Additional samples in boolean conditions #2392

Open obrok opened 6 years ago

obrok commented 6 years ago

For boolean columns there are multiple ways of expressing many conditions. For example these are functionally the same:

column = false 
column <> true
column >= false and column < true
column between false and true

Given our rules for noise layers there will be 3 different samples generated for these queries.

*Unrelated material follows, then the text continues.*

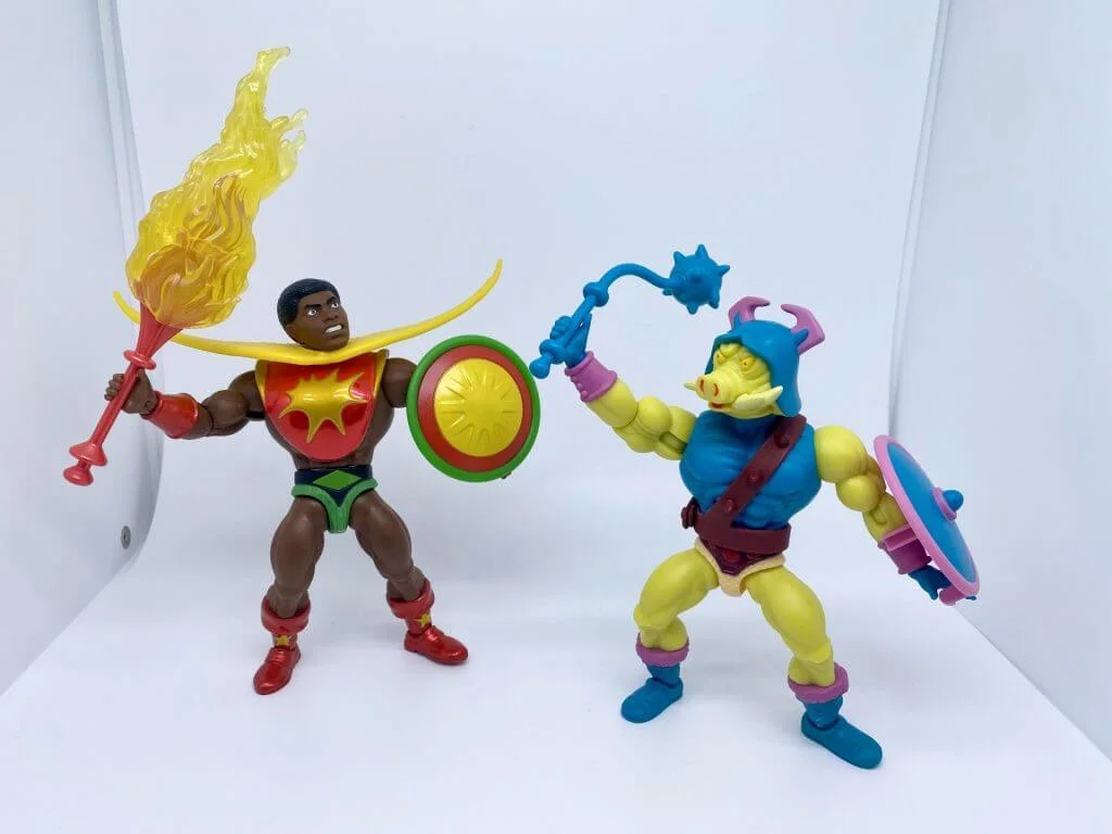 Pig-Head wicked enemy of Sun Man joins the Masters of the Universe Origins line as part of Wave 9! Olmec Toys launched their flagship character Sun-Man in 1985 with the idea that that no matter what your skin-color, you can still be a superhero. With that, the Rulers of the Sun line was born by its founder Yla Eason. Mattel has now partnered with Olmec toys to bring us the entire line of Rulers of the Sun the Master of the Universe Origins line! Below you can see Sun-Man and the rest of the Rulers of the Sun Pig Head, Digitino, Space Sumo and a second versions of Sun-Man with a more stylized head sculpt. To my surprise, Pig Head has really become my fav or the wave! We will dive in detail with this hands on review!

This all assumes that there are no NULL values in the column, otherwise the different ways will not be equivalent.

obrok commented 6 years ago

@yoid2000 ^

cristianberneanu commented 6 years ago

This would all be fixed by disallowing comparisons for boolean and implementing support for IS TRUE / IS FALSE. As an alternative, more complex normalization rules might work as well.

sebastian commented 6 years ago

Tableau uses WHERE booleanFlag for WHERE booleanFlag = true, so that's needed too, and based on that IS TRUE/FALSE won't be sufficient.

yoid2000 commented 6 years ago

good catch @obrok

Yes, would be good if we could add noise consistently. But lets not worry about that immediately. I'm playing around with some ideas for getting rid of most floating that may make noise consistent automatically as a side effect.